Ling Ba Tin terdiam, dan hal ini di manfaatkan sebaik mungkin oleh Tabib Hang untuk semakin mempengaruhinya. Dan untuk memanasi keadaan Tabib Hang sekarang merenggangkan kaki Ling In Chuan, kemudian wajahnya membenam diarea hutan lebat Ling In Chuan.

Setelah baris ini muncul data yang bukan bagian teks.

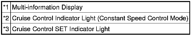 When tapping down the cruise control switch to -SET (for approximately 0.6 seconds) while the constant speed control mode is in operation, the stored vehicle speed decreases by approximately 1.6 km/h (1 mph). When the cruise control switch is pushed to -SET and the difference between the driving and stored vehicle speed is more than 5 km/h (3 mph), the vehicle speed is stored and constant speed control is maintained.
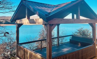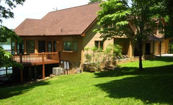 The STEWART NORRIS LAKEFRONT HOME is located in Deerfield Resort near the point where Cedar Creek meets Norris Lake. Our sunset lake view is one of the widest and most panoramic on all of Norris Lake. Our home is a stunning, cedar and glass, 5800 sq. ft., on a full acre. It comes with a new private boat dock, wrap around decks and a new beautiful large separated covered deck. The home is a beautifully furnished vacation rental home decorated with original art throughout. Our amazing view can been seen through the wide array of large windows in our main room. The windows are thermal energy efficient double pane that resists sun and heat while still giving the wonderful view. All the other rooms on all three floors are lake facing. We are adding major upgrades for our 2025 rental season. This includes a new dock and cement steps with outer channels for the dock ramp wheels to keep the ramp always secularly positioned. Adding to this are two cabeled dead men to completely hold the covered dock with slip in place. This state of the art solution gives us the most dock stability available.

Ling Ba Tin yang melihat begitu asiknya Tabib Hang diarea bawah secara perlahan membangkitkan hasratnya menginginkan lebih. Dia pun dengan lahap dan buas membenamkan wajahnya di gunung Ling In Cuan terutama pucuknya membuatnya makin rakus
"Tabib Hang.. Tadi kamu sudah melepaskan bisa ularmu di gua indah Ling In Chuan. Hehe... Sekarang biarkan aku leluasa bermain. Kamu cukup menonton saja. Aku juga pengen rasanya memuntahkan bisa ular juga di gua itu."
Ling Ba Tin sudah sepenuhnya di kuasai oleh hawa nasfunya , dia sudah tidak perduli lagi Ling In Chuan masih sangat muda. Wanita yang lagi di gerayanginnya itu anak dari majikannya.
"Baiklah Ling Ba Tin, Aku mengalah padamu khusus di hari ini. Kau boleh sesuka hatimu! Karena ini pertama kalinya, dirimu bersenang- senang setelah puasa sekian lamanya. Bermainlah sampai puas! Sampai pagi pun tidak masalah asal kuat saja dirimu! Haha..."
Tabib Hang melangkah meninggalkan Ling In Chuan dan Ling Ba Tin. Tak membuang waktunya Ling Ba Tin kini mulai menanggalkan pakaian yang di kenakannya dan segera naik ke ranjang kemudian Ling Ba Tin menerkam Ling In Chuan dengan sangat ganasnya.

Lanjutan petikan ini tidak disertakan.